The theme of the political relevance of collective action and its potential role as public interest litigation is further addressed by Axel Halfmeier, whose “The Democratic Value of Collective Litigation” will engage with the ever-present debate on the role of judge-made law and the democratic deficit that it (allegedly!) suffers, prompting the reader to view the topic through innovative lenses.
Marina Federico will help us link these topics to real-life scenarios—such as the many cases now litigated for the protection of minors—by exploring, in her blog post “The Collective Online Protection of Minors in the DSA”, the interpretative avenues that better ensure recognition and redress for the peculiar harms suffered by minors in the digital economy, and the avenues for collective redress capable of bringing these entitlements into action.
The Symposium will continue with three pieces bringing once again the concept of litigation to the fore.

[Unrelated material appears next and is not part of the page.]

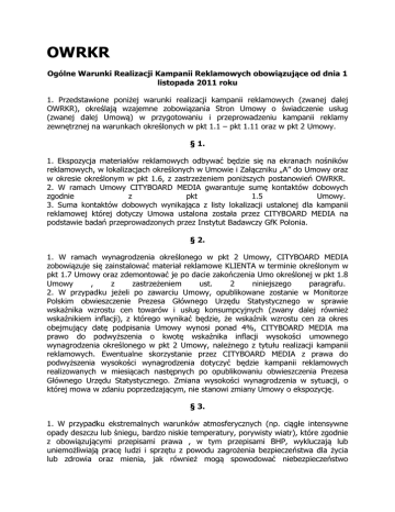 OWRKR Ogólne Warunki Realizacji Kampanii Reklamowych obowiązujące od dnia 1 listopada 2011 roku 1. Przedstawione poniżej warunki realizacji kampanii reklamowych (zwanej dalej OWRKR), określają wzajemne zobowiązania Stron Umowy o świadczenie usług (zwanej dalej Umową) w przygotowaniu i przeprowadzeniu kampanii reklamy zewnętrznej na warunkach określonych w pkt 1.1 – pkt 1.11 oraz w pkt 2 Umowy. § 1. 1. Ekspozycja materiałów reklamowych odbywać będzie się na ekranach nośników reklamowych, w lokalizacjach określonych w Umowie i Załączniku „A” do Umowy oraz w okresie określonym w pkt 1.6, z zastrzeżeniem poniższych postanowień OWRKR. 2. W ramach Umowy CITYBOARD MEDIA gwarantuje sumę kontaktów dobowych zgodnie z pkt 1.5 Umowy. 3. Suma kontaktów dobowych wynikająca z listy lokalizacji ustalonej dla kampanii reklamowej której dotyczy Umowa ustalona została przez CITYBOARD MEDIA na podstawie badań przeprowadzonych przez Instytut Badawczy GfK Polonia. § 2. 1. W ramach wynagrodzenia określonego w pkt 2 Umowy, CITYBOARD MEDIA zobowiązuje się zainstalować materiał reklamowe KLIENTA w terminie określonym w pkt 1.7 Umowy oraz zdemontować je po dacie zakończenia Umo określonej w pkt 1.8 Umowy , z zastrzeżeniem ust. 2 niniejszego paragrafu. 2. W przypadku jeżeli po zawarciu Umowy, opublikowane zostanie w Monitorze Polskim obwieszczenie Prezesa Głównego Urzędu Statystycznego w sprawie wskaźnika wzrostu cen towarów i usług konsumpcyjnych (zwany dalej również wskaźnikiem inflacji), z którego wynikać będzie, że wskaźnik wzrostu cen za okres obejmujący datę podpisania Umowy wynosi ponad 4%, CITYBOARD MEDIA ma prawo do podwyższenia o kwotę wskaźnika inflacji wysokości umownego wynagrodzenia określonego w pkt 2 Umowy, należnego z tytułu realizacji kampanii reklamowych. Ewentualne skorzystanie przez CITYBOARD MEDIA z prawa do podwyższenia wysokości wynagrodzenia dotyczyć będzie kampanii reklamowych realizowanych w miesiącach następnych po opublikowaniu obwieszczenia Prezesa Głównego Urzędu Statystycznego. Zmiana wysokości wynagrodzenia w sytuacji, o której mowa w zdaniu poprzedzającym, nie stanowi zmiany Umowy o ekspozycję. § 3. 1. W przypadku ekstremalnych warunków atmosferycznych (np. ciągłe intensywne opady deszczu lub śniegu, bardzo niskie temperatury, porywisty wiatr), które zgodnie z obowiązującymi przepisami prawa , w tym przepisami BHP, wykluczają lub uniemożliwiają pracę ludzi i sprzętu z powodu zagrożenia bezpieczeństwa dla życia lub zdrowia oraz mienia, jak również mogą spowodować niebezpieczeństwo zniszczenia materiałów reklamowych KLIENTA, CITYBOARD MEDIA może przesunąć termin instalacji materiałów reklamowych, określony w pkt 1.7 Umowy i w ten sposób skrócić okres ekspozycji przy jednoczesnym zachowaniu prawa do wynagrodzenia umownego należnego za cały okres ekspozycji. O powyższym CITYBOARD MEDIA niezwłocznie powiadomi KLIENTA. § 4. 1. W przypadku jeżeli Strony uzgodniły, że producentem materiałów reklamowych jest KLIENT, KLIENT zobowiązany jest dostarczyć materiał reklamowy przeznaczony do prezentacji wraz z 20% zapasem do magazynu CITYBOARD MEDIA (adres magazynu: ul. Sokratesa 15 w Warszawie) w nieprzekraczalnym terminie określonym w pkt 1.9 Umowy, do godziny 12.00 (tj. co najmniej na 5 dni roboczych przed terminem instalacji). W przypadku nie zachowania przez KLIENTA terminu dostarczenia materiałów reklamowych, KLIENT zapłaci CITYBOARD MEDIA karę umowną w wysokości stanowiącej iloczyn kwoty 100 PLN i ilości ekranów, na których ma być przeprowadzona kampania reklamowa KLIENTA, określonych w pkt. 1.3 Umowy. Ponadto niezależnie od prawa do kary umownej CITYBOARD MEDIA uprawnione jest do przesunięcia terminu instalacji materiałów reklamowych i w ten sposób skrócenia okresu ekspozycji o tyle dni, o ile został przekroczony przez KLIENTA termin do dostarczenia materiałów reklamowych, przy jednoczesnym zachowaniu przez CITYBOARD MEDIA prawa do wynagrodzenia umownego należnego za cały okres ekspozycji. 2. W przypadku kampanii długookresowej, gdy producentem materiałów reklamowych jest KLIENT, KLIENT zobowiązany jest dostarczyć do CITYBOARD MEDIA materiały reklamowe wraz z 20% zapasem, przed rozpoczęciem poszczególnych okresów ekspozycji, zgodnie z warunkami określonymi w § 4 pkt 1 OWRKR, w takiej ilości, która zapewni ich wymianę z następującą częstotliwością: plakat papierowy wymieniany co 3 miesiące - plakat winylowy lub ekoplakat wymieniane co 6 miesięcy. 3. KLIENT zobowiązuje się najpóźniej na 5 dni przed instalacją materiałów reklamowych do przesłania layoutów wraz z podziałem na motywy i lokalizacje. W przypadku nie zachowania przez KLIENTA tego terminu, KLIENT zapłaci CITYBOARD MEDIA karę umowną w wysokości stanowiącej iloczyn kwoty 100 PLN i ilości ekranów, na których ma być przeprowadzona kampania reklamowa KLIENTA, określonych w pkt 1.3 Umowy. Ponadto niezależnie od prawa do kary umownej CITYBOARD MEDIA uprawnione jest do przesunięcia terminu instalacji materiałów reklamowych i w ten sposób skrócenia okresu ekspozycji o tyle dni, o ile został przekroczony przez KLIENTA termin do przesłania layoutów wraz z podziałem na motywy i lokalizacje, przy jednoczesnym zachowaniu przez CITYBOARD MEDIA prawa do wynagrodzenia umownego należnego za cały okres ekspozycji. 4. Strony uzgadniają, że przed wyklejeniem przez CITYBOARD MEDIA materiału reklamowego na nośnikach reklamowych, dokonane zostanie próbne wyklejenie materiału reklamowego w magazynie CITYBOARD MEDIA, celem jego zatwierdzenia przez KLIENTA. CITYBOARD MEDIA poinformuje drogą elektroniczną KLIENTA o terminie i miejscu zatwierdzenia próbnego wyklejenia papierowego materiału reklamowego. KLIENT jest zobowiązany do dokonania w formie pisemnej akceptacji próbnego wyklejenia. W przypadku jeżeli KLIENT nie stawi się we wskazanym
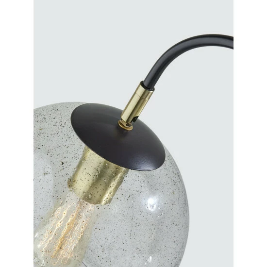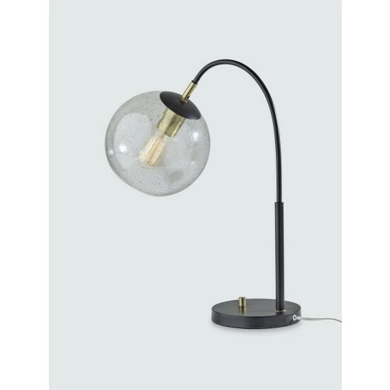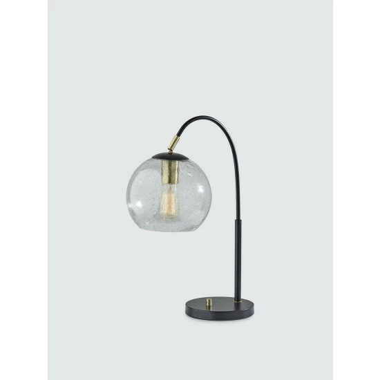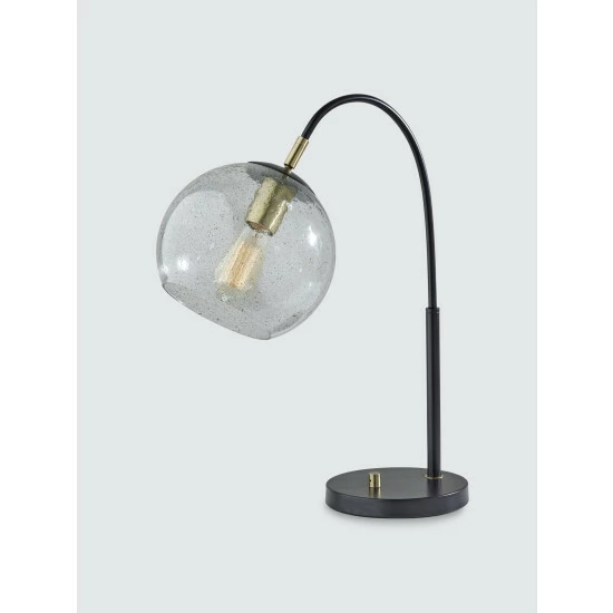 Warm, rustic elements like vintage-inspired glass and a dark bronze finish with brass accents are reimagined with a modern flair in the Edie Table Lamp. A great addition to desks, tables and countertops, the lamp’s speckled glass orb shade casts a warm light and is ideal for highlighting an Edison-style light bulb. This lamp also features an articulation point at the base of the shade, allowing you to direct the light wherever it’s needed. With clean and simple style lines, the slender, arcing metal stem in a bronze finish leads to the sturdy, round base. You can easily turn the lamp on or off with the brass rotary switch located on the base, while the lamp is powered by a long clear cord. Complete your home’s décor with the vintage Edie Table Lamp.

First, a blog post from Karl Wörle and Oskar Gstrein, “Collective Settlements in the Digital Space”, in which they explore the role of collective settlements in the legal framework regulating collective redress, comparing different jurisdictions and discussing the need for judicially supervised settlement.
Second, a blog post from Swee Leng Harris, “Financing Digital Rights Litigation against Big Tech”, where she presents the findings of her empirical research on the role of funding from philanthropic associations as an enabler of public interest litigation, as well as learning points on how the latter could be better structured to meet the needs of civil society organisations.
Third, a blog post by Joanna Moreira and Lena Hornkohl (Ius Omnibus), “Collective Redress in the Digital Age”, which shows how an essential tool of incredible potential might suffer from a lack of harmonisation and ineffective regulatory choices on several issues, from participation modalities to the accessibility of third-party litigation financing.
The Symposium will come to an end with the piece “Towards Collective Redress for Data Harms under the GDPR”, co-authored by Francesca Episcopo, Anna van Duin and Aart Jonkers. Building on some of the insights from Cofone’s theory of harms, it discusses the intrinsically collective nature of data harms caused by systemic business model violations and consider the necessity of a collective avenue for their recognition as a tool for effective judicial protection (not just deterrence). It also points out how the current legal framework, both under Articles 82 and 80 GDPR, can be interpreted as fully enabling the types of compensatory remedies and opt-out participation needed to properly support mass claims.
We sincerely hope that the readers will enjoy reading these contributions. To conclude, we would like to express our sincere gratitude to the Stichting Onderzoek Collectieve Actie for their generous financial support in making the Conference possible, and to the Transformative Private Law Blog for hosting this symposium and providing a platform for continued reflection and debate. Our warmest thanks go to all the authors who so generously agreed to contribute their work to this series, the reviewers of the blog posts, as well as to the speakers, chairs, discussants, and participants whose engagement made the original conversation so rich. We hope that this Symposium will continue that dialogue and contribute, in its own way, to the ongoing development of collective redress and digital fairness in Europe and beyond.